Now let's see in how many rows did we get label = predicted

In [26]:
correct = 0
total = test_data.shape[0]

for row in test_data.iterrows():
    row = row[1]
    if row['label'] == row['predicted']:
        correct += 1

In [28]:
print('Total correct predictions:', correct)
print('Incorrect predictions:', total - correct)
print('Accuracy:', correct/ total)

Total correct predictions: 1100
Incorrect predictions: 14
Accuracy: 0.9874326750448833


We got 98.74% of our messages correctly labeled by the sapm filter. This is more than our target of 80%. Let's check the 14 messages which got incorrectly labeled and see why could that have happened.

In [40]:
incorrect_predictions = pd.DataFrame(columns=test_data.columns)

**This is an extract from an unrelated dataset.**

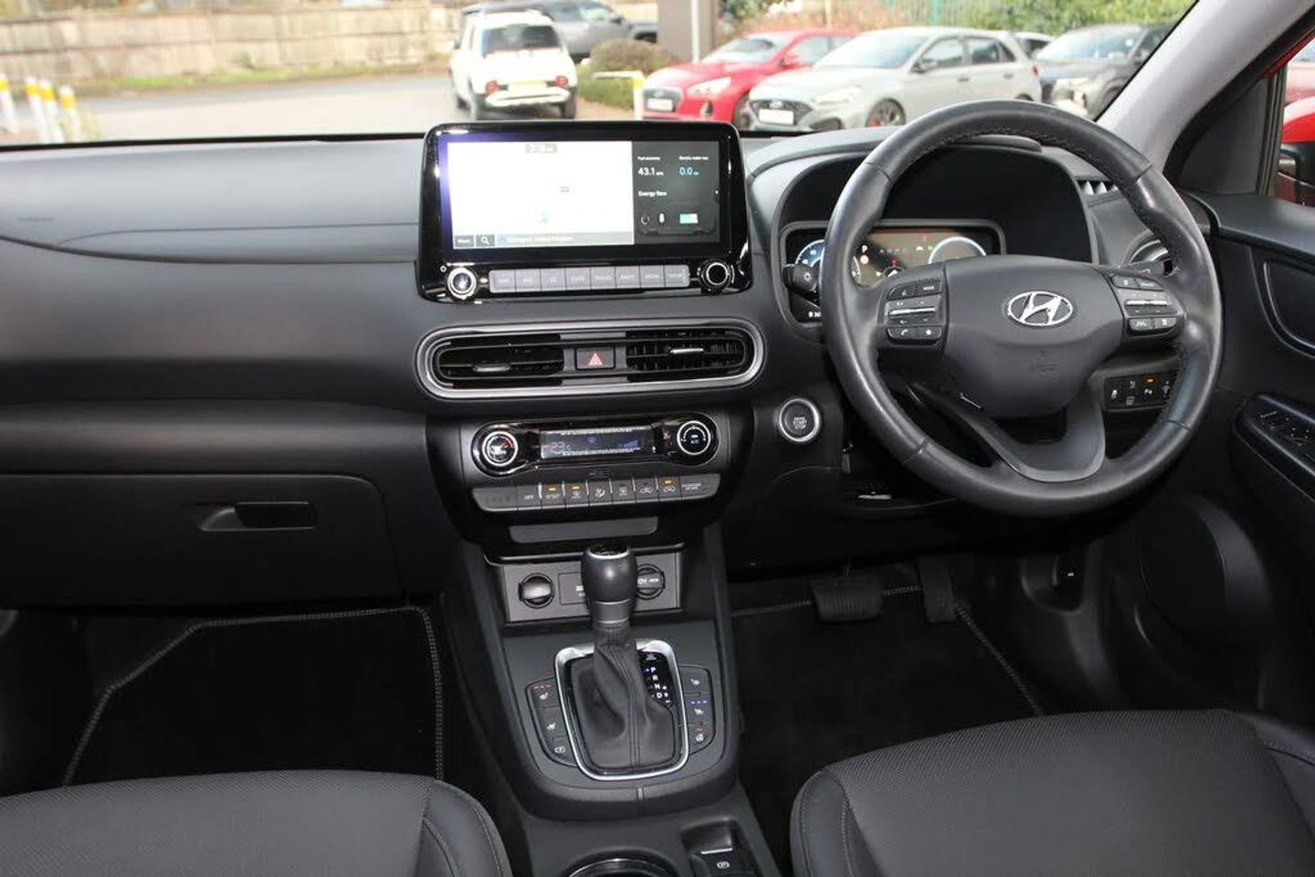 Sat Nav, Touchscreen, Bluetooth, Advanced Safety, Parking Sensor, Headup Display, Apple CarPlay/Android Auto, Cruise Control, Automatic Headlights, Panoramic / Sunroof, AC/Climate, Ambient Lighting, Heated Seats, Heated Steering Wheel, Isofix, Leather Interior, Start/Stop, Keyless Entry, Alloys;Buy a used Hyundai Kona 1.6 GDi Hybrid Ultimate 5dr DCT - This 2023 KONA h GDi Ultimate presents an exceptional ownership proposition with its incredibly low mileage of just 3597 miles. With 26 months warranty & full service history with ourselves..

for row in test_data.iterrows():
    row = row[1]
    if row['label'] != row['predicted']:
        incorrect_predictions = incorrect_predictions.append(row)

In [48]:
import pandas as pd
pd.set_option('display.max_colwidth', None)
print(incorrect_predictions['SMS'])

4572                                                                                                                                                                                                                                                                                                         Not heard from U4 a while. Call me now am here all night with just my knickers on. Make me beg for it like U did last time 01223585236 XX Luv Nikiyu4.net
4593                                                                                                                                                                                                                                                                                                   More people are dogging in your area now. Call 09090204448 and join like minded guys. Why not arrange 1 yourself. There's 1 this evening. A£1.50 minAPN LS278BB
4610                                                                                      

Looks like some spam messages were written in a very human like conversation that the algorithm classified them as non-spam. The issue could be fixed with a bigger learning data for the algorithm and making a more complex version of it. For example taking in case-senstivity and punctuations into account.